Here we no doubt reach the essential and fundamental objection to all Socialism and State trading. Private enterprise will always do better,—be more profit-producing and more efficient than State action. The " Government stroke " is always a poor stroke compared with the strokes of those who are working for private profit. The true source of wealth, and therefore of the production and provision of those things which men need in order to conquer their natural condition of poverty, want, and savagery, is enterprise and energy. But enterprise and energy are the attributes of the individual who is working in his own interest, while lethargy, formalism, supineness, are those of State employment. The State cannot offer the fruitful and stimulating incentive of profit to those whom it employs. It must either accept the feebleness of the " Government stroke," or else have recourse to the whip and the methods of slavery. All the world over, even in so well organised a State as Germany, it is found that the private contractor can build a battleship at least twenty-five per cent. cheaper than the Government. This is a practical example of what we mean by the " Government stroke."

We desire to commend what we have written to the special attention of those members of the Liberal Party who are still uncommitted to Socialism pure and simple.
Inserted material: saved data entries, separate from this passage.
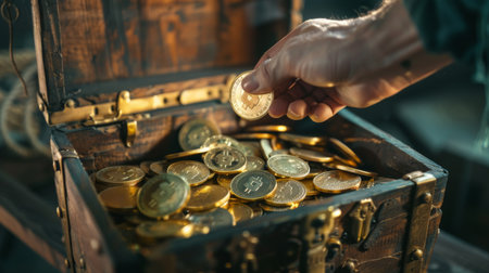 A wooden box filled with gold coins. The coins are of different sizes and shapes, and they are all shiny and golden. The box is open, revealing the treasure inside. Concept of wealth and abundance
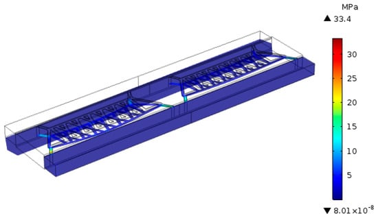 Thermistors supported by cantilever beams were suspended in the thermal conductivity cell, which was able to reduce the heat loss of the substrate, thus improving the detection sensitivity. However, the cantilever beam will vibrate under the impact of the carrier airflow, resulting in stress and deformation, thus causing greater thermal noise. Thermal noise is an important factor affecting the sensitivity of the sensor, which will reduce the sensitivity and stability of the sensor. In order to reduce the thermal noise, the thickness of the cantilever beam is simulated. Figure 4 shows the relationship between the stress on the cantilever beam and the film thickness under certain loading conditions (constant flow rate and loading power). The results (as shown in Table 1) show that the stress decreases greatly with the increase of the thickness of the cantilever beam. Therefore, a layer of low-stress silicon nitride film in which the maximum thickness can be processed is selected as the supporting beam, improving the consistency and reliability of the detector.
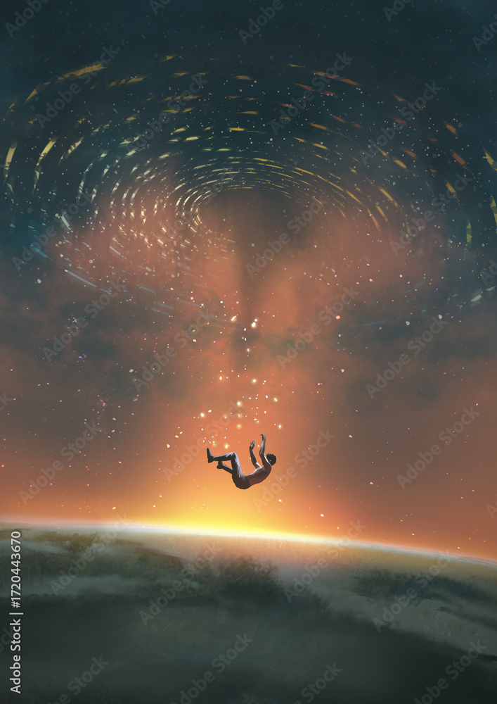 A man floats helplessly in space above a glowing planet as a swirling cosmic vortex pulls light and matter inward, digital art style, illustration painting #1720443670
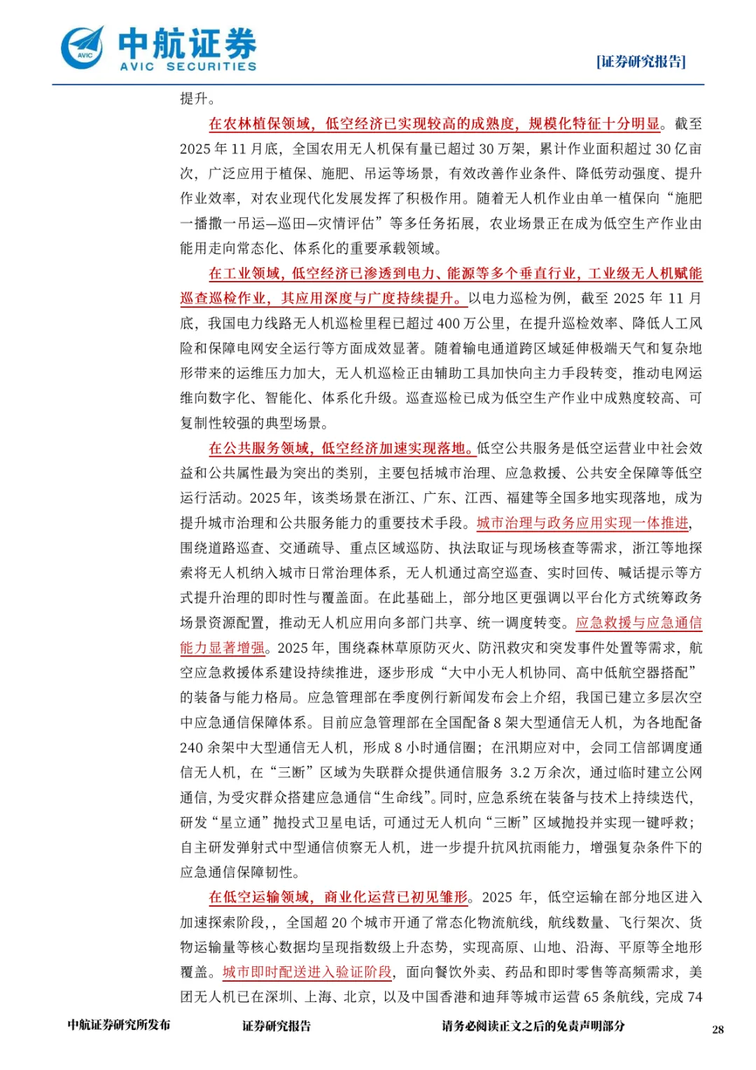 公共服务:城市治理中无人机广泛应用于道路巡查、执法取证等场景,应急救援领域形成 “大中小无人机协同” 格局,8 小时通信圈覆盖全国,在 “三断” 区域搭建应急通信生命线;
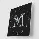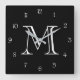 Monogram White Script Numbers On Black wccnt Square Wall Clock
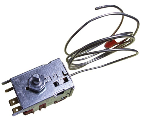 Dans un réfrigérateur ou un congélateur le thermostat vous permet de régler la température de l'appareil et de la maintenir constante. Certains frigos sont contrôlés par une platine électronique. Dans ce cas il y a une sonde de température reliée à cette platine. Le thermostat fonctionne à l’aide d’une sonde parfaitement hermétique. Ce capillaire, logé dans la paroi, permet de prendre la température interne de l’appareil. Ce bulbe contient un gaz sous pression qui réagit selon la température (le gaz se contracte lorsqu'il est refroidi) et est relié à une membrane déformable à son extrémité. L'action du thermostat varie en fonction de la température interne de l'appareil : Lorsque la température monte à l'intérieur du frigidaire, le contact électrique interne du thermostat se ferme pour mettre en fonctionnement le compresseur jusqu'à obtention de la température désirée. Dès que la température programmée dans le réfrigérateur est atteinte, le volume du gaz à l'intérieur du bulbe diminue provoquant l'ouverture du contact, ce qui arrête l’alimentation du compresseur. Si le thermostat de votre frigidaire est défectueux, votre réfrigérateur ne refroidit pas assez ou refroidit trop alors que le sélecteur de température est sur la bonne position ou le moteur / compresseur ne se met pas en route.
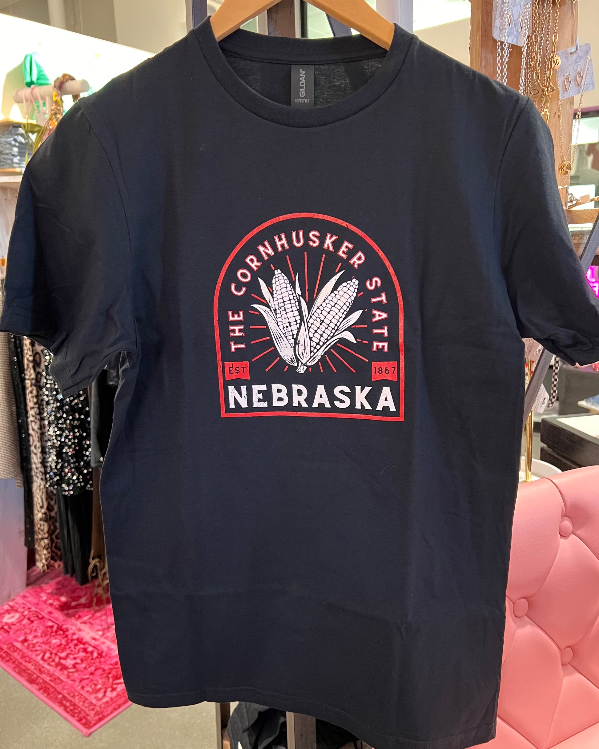 Black unisex tee with Cornhusker state design on front
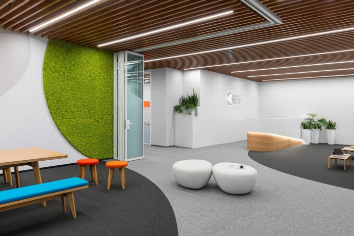 设计的核心是受企业品牌启发的强烈图形元素,并由建筑师巧妙地重新诠释。这些元素表现为流动、起伏的形式,贯穿整个空间,在各种功能中作为统一的视觉主题。此外,色彩点缀的策略性使用进一步勾勒出不同的区域,从接待区和会议区的正式优雅到协作空间的活力。同时,放松和灵活的工作区提供了一个宁静的休憩之所,培养了创造力和幸福感。#办公空间设计公司#
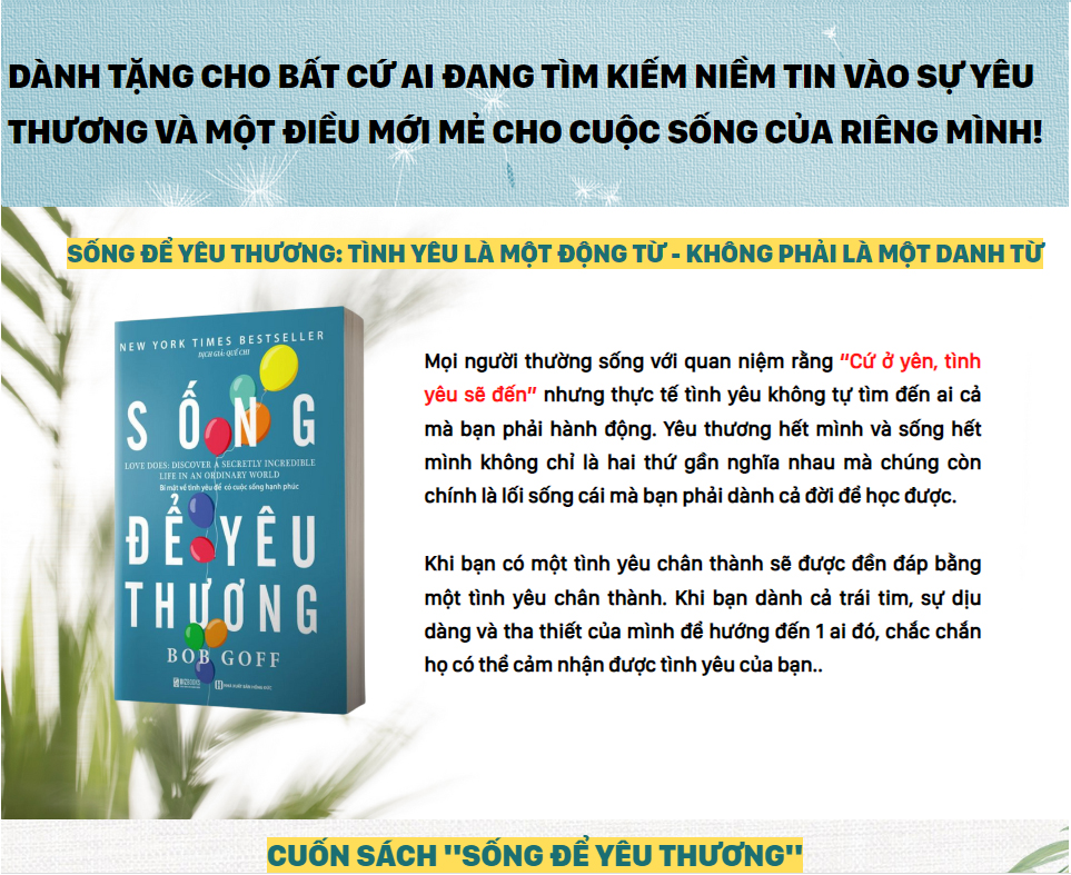 Liệu bạn có biết rằng tình yêu thương có một đặc điểm diệu kỳ? Nó không có ranh giới và không bao giờ tuân theo quy tắc mà chúng ta cố áp đặt. Nó cứ đến và nảy nở một cách tự nhiên như thể vị trí của nó vốn dĩ là ở đó vậy. Trong cuộc sống, bất cứ ai trong chúng ta cũng có thể tìm được niềm vui và hạnh phúc qua những việc làm giản đơn và ý nghĩa, đó là sự cảm thông và cho đi. Và đó cũng chính là thông điệp xuyên suốt tác phẩm “Sống để yêu thương” mà Bob Goff muốn truyền tải đến cho các độc giả. Ở Goff, ông tin rằng cuộc sống của chúng ta nên được thúc đẩy bởi tình yêu.
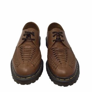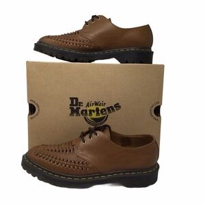 Dr Martens men Ezra Three Eyed Brown Shoes The Ezra 3 Eye shoe has a soft, refined rugged servo lux upper full grain leather with a polish wax finish the interwoven toe box provides a light Summer feel, classic simple styling Goodyear welt construction oil and fat resistant outsole is also slip resistant
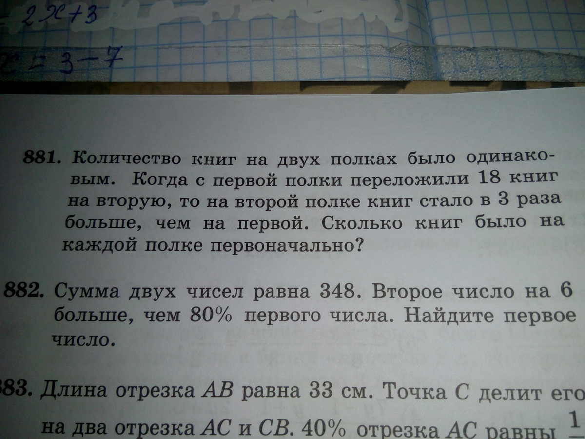 Причём на большей – ровно в три раза больше, чем на меньшей. Т.е., если мысленно увеличить количество книг на меньшей полке, то оно должно было стать равным количеству книг на большей полке. Это можно записать, как уравнение:
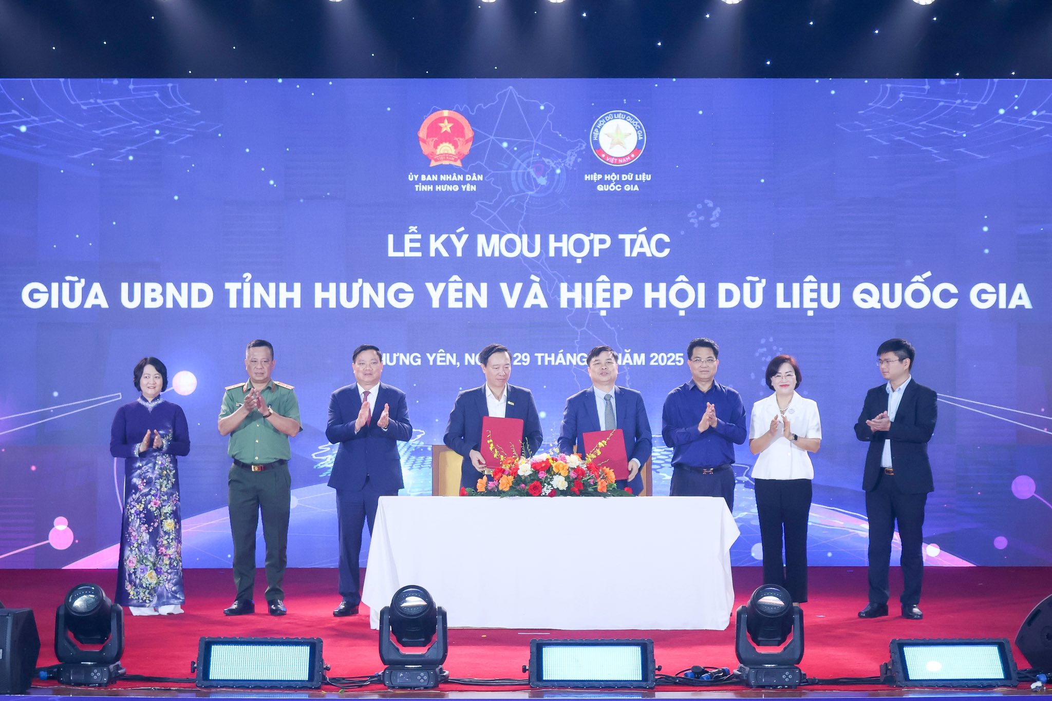 Lễ ký kết Biên bản ghi nhớ hợp tác chiến lược giữa UBND tỉnh Hưng Yên và Hiệp hội Dữ liệu Quốc gia. Ảnh NDA

Surely they will not pass a Development Bill which is tainted by such tactics as those which inspire the motor- road clauses ! To hustle such a Bill through Parliament at the fag-end of the Session would be little short of madness. A measure of such importance requires minute and patient investigation. It ought not to be forced through Parliament with the covert threat that if it is rejected the Members responsible for such rejection will have to answer those who elected them for having withheld the flow of a river of gold which might have spread some of its benefits over their constituencies.

If we nationalise the railways, let us nationalise them in the light of day and with our eyes open, and not have recourse to the Machiavellian policy of first ruining the undertakings which we mean to acquire. The system of bleeding your victim as white as veal and then devouring him is, we believe, not unknown to the American Trusts and Combines, but assuredly it is one unworthy of an honest and upright State.